## WHAT THIS TASK INVOLVES
Once you find the line with "وتابعت أسما شريف" in the listing below, set down exactly every line from it through the line with "对此,8月15日,重庆市江津", but no pictures.

─── INPUT FOR THIS TASK

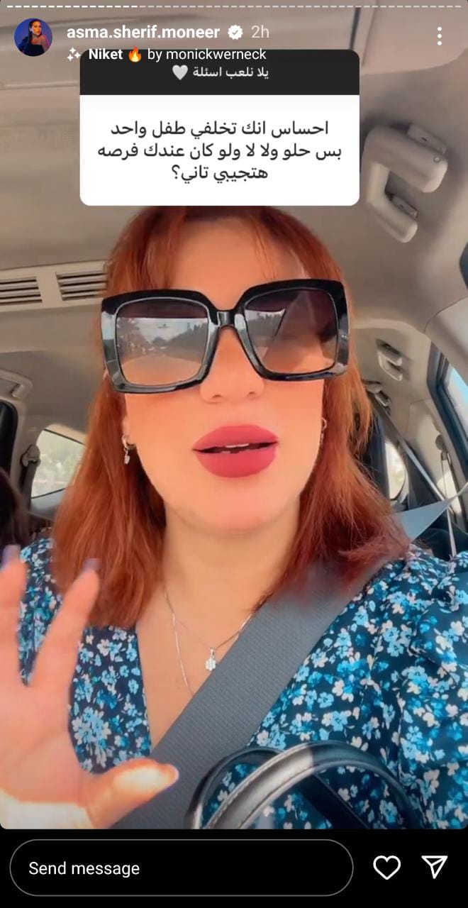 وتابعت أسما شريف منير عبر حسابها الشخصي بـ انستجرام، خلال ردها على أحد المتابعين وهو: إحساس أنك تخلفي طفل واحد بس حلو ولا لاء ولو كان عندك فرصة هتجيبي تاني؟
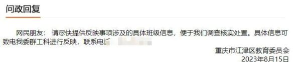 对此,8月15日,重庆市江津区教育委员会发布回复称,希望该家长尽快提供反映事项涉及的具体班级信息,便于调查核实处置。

──────
─── INPUT FOR THIS TASK

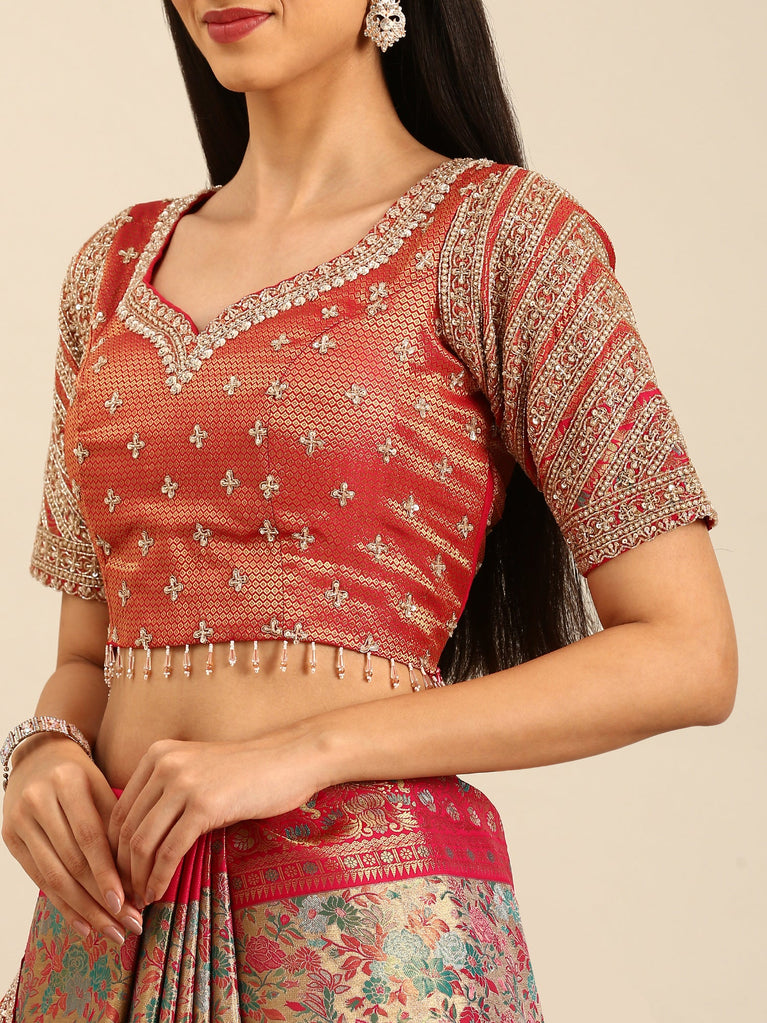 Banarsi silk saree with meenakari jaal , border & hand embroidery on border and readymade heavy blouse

──────

## THE COMPLETED TASK
 وتابعت أسما شريف منير عبر حسابها الشخصي بـ انستجرام، خلال ردها على أحد المتابعين وهو: إحساس أنك تخلفي طفل واحد بس حلو ولا لاء ولو كان عندك فرصة هتجيبي تاني؟
 对此,8月15日,重庆市江津区教育委员会发布回复称,希望该家长尽快提供反映事项涉及的具体班级信息,便于调查核实处置。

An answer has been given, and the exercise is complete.